Summary of the Proposed Force-Placed Insurance Regulation, 11 NYCRR 227 (Insurance Regulation 202)

This rule sets forth rules for the rates for and placement of force-placed insurance and prohibits certain practices related to force-placed insurance in order to protect homeowners and investors from harm caused by excessive force-placed insurance rates, questionable business practices and relationships in the force-placed insurance industry, and inadequate notice of force-placed insurance.

Section 227.0 sets forth the purpose of the rule.

Section 227.1 provides definitions applicable to the rule.

Section 227.2 sets minimum adequate notification requirements to ensure homeowners understand their responsibility to maintain homeowners insurance, and that they may purchase voluntary homeowners insurance coverage at any time.

Section 227.3 sets the maximum amount of force-placed insurance coverage that an insurer may issue on a New York property.

Section 227.4 requires an insurer, insurance producer, or affiliate that receives correspondence related to force-placed insurance from a borrower on behalf a servicer to accept any reasonable form of written confirmation of a borrower’s existing insurance coverage.

Section 227.5 requires an insurer, insurance producer, or affiliate to refund all force-placed insurance premiums for any period of overlapping insurance coverage within fifteen days of receiving evidence demonstrating that the borrower has had in place hazard insurance coverage that complies with the mortgage’s requirements to maintain hazard insurance.
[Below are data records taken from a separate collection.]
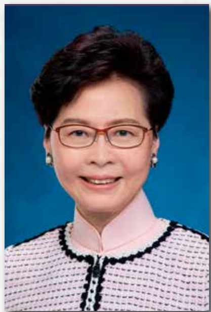
香港特別行政區行政長官 林鄭月娥女士，大紫荊勳賢，GBS題辭
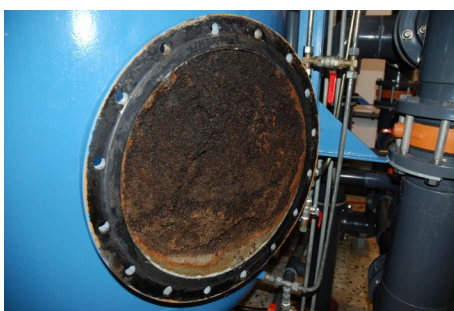
Geöffneter Filter mit Filterkies

Mit Unterstützung von externen Beratern haben wir uns entschlossen, einen Filter zu öffnen, inspizieren und instand zu setzen. Hintergrund ist die nicht erklärbare geringe Filterleistung.
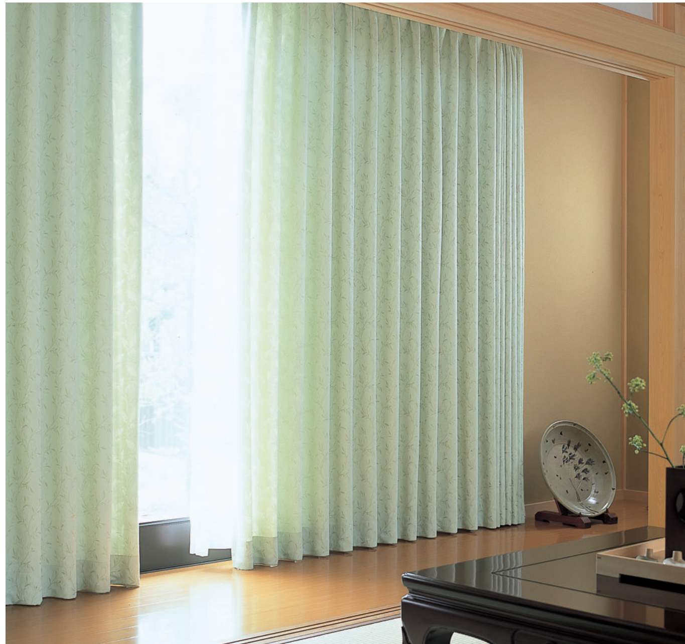
LS-63320 / レース LS-63470
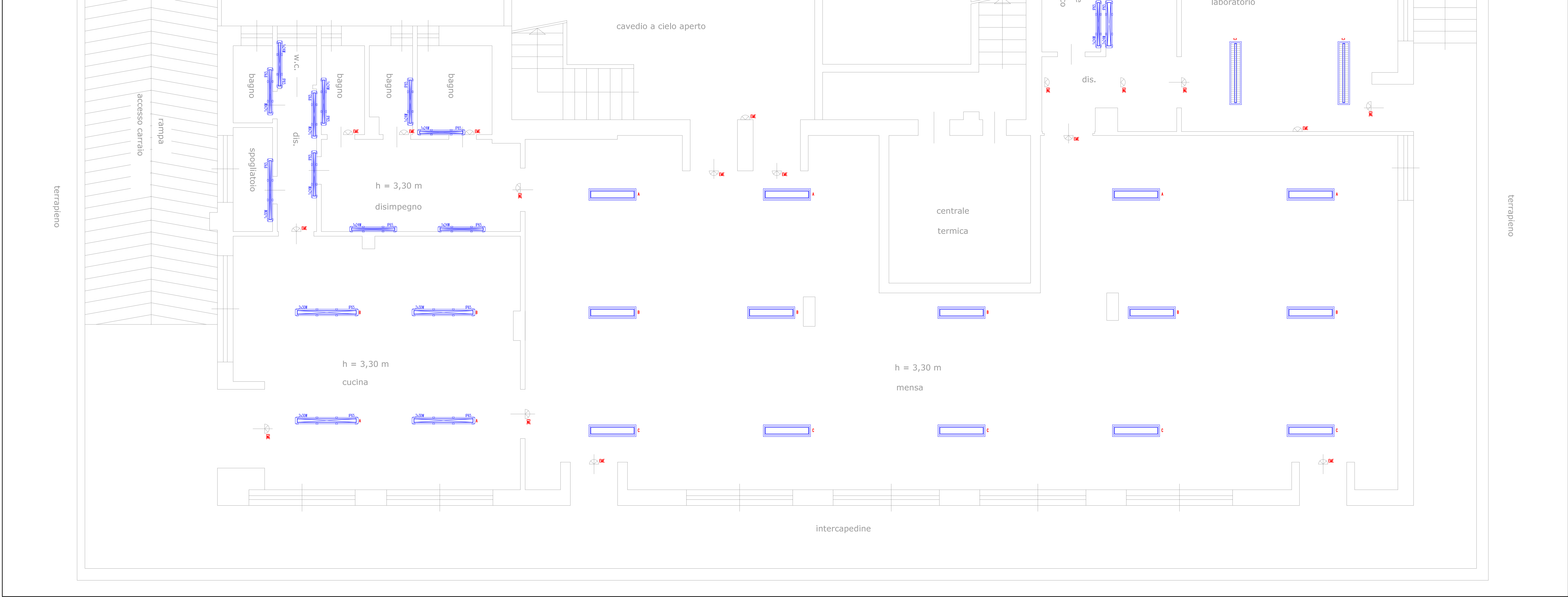
Planimetria impianto di illuminazione - Progetto - Scala 1:50
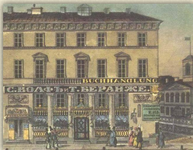
Кондитерская Вольфа и Беранже.
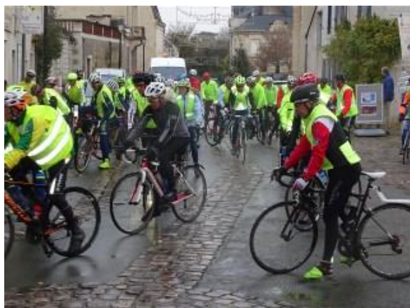
Le peloton de 49 cyclos à St Rémy la Varenne

Devant l'insistance de certaines personnes mal intentionnées (lol), je suis rentré au CA en 2014 et je m'occupe des vêtements (j'ai pris le risque de remplacer la figure mondialement connue de tous --> René à qui je rends un hommage appuyé pour son travail réalisé pendant de nombreuses années)
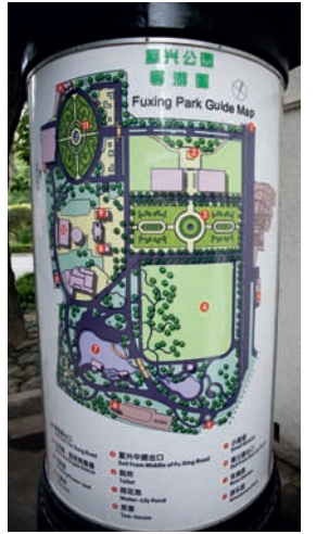
▲ Plattegrondindeling Fuxing park, Shanghai
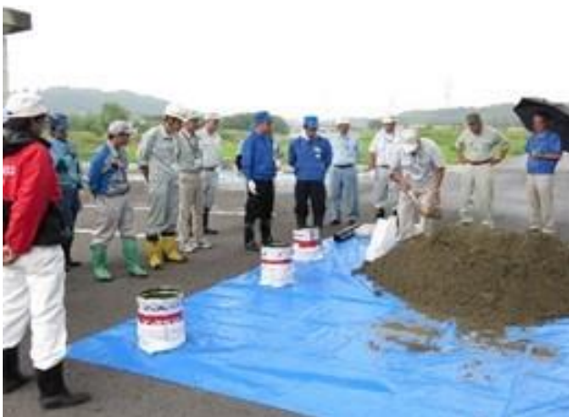
土嚢づくりレクチャー
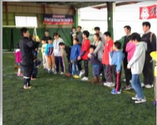
いつもの練習も、お父さんと一緒に、いっしょにみせるぞ!
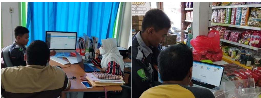
Gambar 2. Kegiatan sosialisasi dan edukasi e-commerce kepada UMKM

Tanggapan mereka setelah melakukan sosialisasi dan edukasi dalam pengoperasian aplikasi berbasis website eAmplang ini sangat bagus bahkan setelah melakukan sosialisasi mereka langsung menggunakannya. Hal ini menunjukkan bahwa pengabdian sangat bermanfaat bagi UMKM, khususnya UMKM amplang Sinar Terang dan UMKM amplang najwa. Keberadaan website ini memberikan dapat signifikan dalam proses bisnis UMKM yang beralih dari model konvensional yang sebelumnya digunakan. Kedua UMKM ini biasanya memasarkan produk dengan menitipkan produk ke toko lain dan brand asli tidak digunakan. Hal ini berdampak pada ketidaktahuan pasar terhadap produsen asli sehingga kesulitan untuk meningkatkan pendapatan secara signifikan. Kegiatan sosialisasi dan edukasi disajikan pada Gambar 2 .
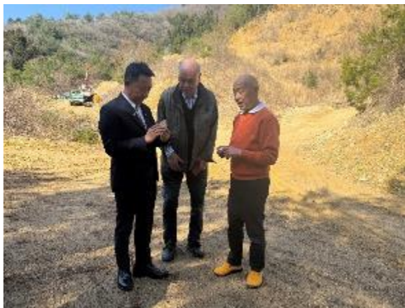
參訪砥部燒陶石採集礦場
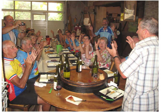
16) Incroyable dégustation à la table du vigneron chantant : « Et je suis fierr d'être Bourguignon ! »
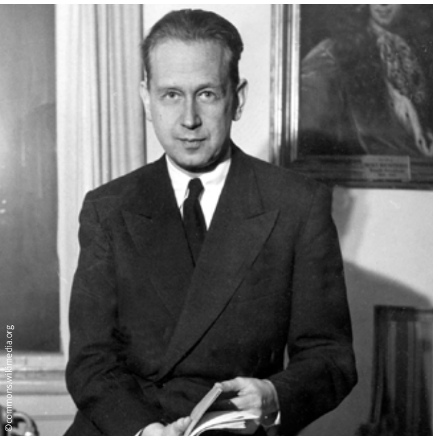
Dag Hammarskjöld, 1953 zum 2. UNO-Generalsekretär ernannt.

Dag wuchs in einer wohlhabenden und einflussreichen schwedischen Familie auf. Hjalmar Hammarskjöld, sein Vater, war ein herausragender, aber auch furchteinflössender Beamter. Besonders als Premierminister von Schweden war er mehrheitlich abwesend. Wärme erfuhr Dag von seiner Mutter Agnes, die ihren Kindern auch den christlichen Glauben vorlebte. Erst nach der Veröffentlichung von Dags geistlichem Tagebuch «Gedanken am Weg» wurde klar, wie sehr ihn der christliche Glaube geprägt und getragen hatte. Vom Vater übernahm Dag die Laufbahn. So arbeitete er nach seinem Studium der Volkswirtschaft und Philosophie auch als Beamter,
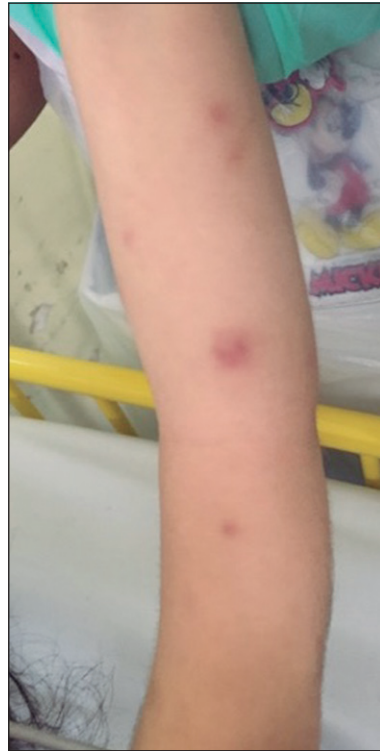
Figura 3. Imagen clínica. Pápulas y nodulos eritematosos en brazo y antebrazo izquierdo.

catriz. Pueden ser precedidas por varios días a semanas de fiebre (7) . Los síntomas y/o signos comúnmente asociados corresponden a artritis, mialgias y compromiso del estado general (3) . Los hallazgos de laboratorio más frecuentes corresponden a neutrofilia y VHS elevada, por lo que muchas veces el diagnóstico se ve retrasado, al confundirse con un cuadro infeccioso (7,8) . Dentro de los criterios diagnósticos propuestos, en la histopatología destaca la presencia de infiltrado neutrofílico en la dermis, sin vasculitis leucocitaria clásica (5) . Este infiltrado se extiende a menudo a lo largo de toda la
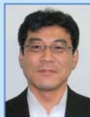
池田支部執行委員長

レクリエーション活動を通して、社員同士が仲良く団結力のある職場を作って行けたらと思います。
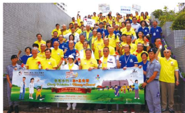
慈善步行由前醫管局主席胡定旭的帶領下出發,亦開展了東區醫院新一頁。

為慶祝東區尤德夫人那打素醫院成立二十週年,「東區醫院日2013慈善步行及融♥嘉年華」已於2013年11月9日順利舉行。活動當日非常熱鬧,除了本院同事的參與外,還有超過90個社區團體包括病人組織、學校、居民組織、社會服務機構及義工團體參與。而步行籌款的參加者人數亦打破歷年紀錄,所籌的款項會全數捐予「那打素慈善信託基金」作改善醫院服務,為區內的市民提供更優質醫療服務。不少的社區伙伴都表示活動能加強醫社之間的聯繫,並希望繼續參與本年度的「東區醫院日」。約定您們了!

Section 227.6 prohibits certain practices with respect to force-placed insurance, including: the payment of commissions to servicer-affiliated insurance producers; the sharing of force-placed insurance premiums or risk with a servicer affiliate; and issuing force-placed insurance on property serviced by a servicer affiliated with the insurer.

Section 227.7 requires insurers to regularly inform the Department of loss ratios actually experienced and re-file rates when actual loss ratios are below 40 percent, and sets a permissible loss ratio for rate filings to ensure that premiums are set at a rate reasonably related to paid claims.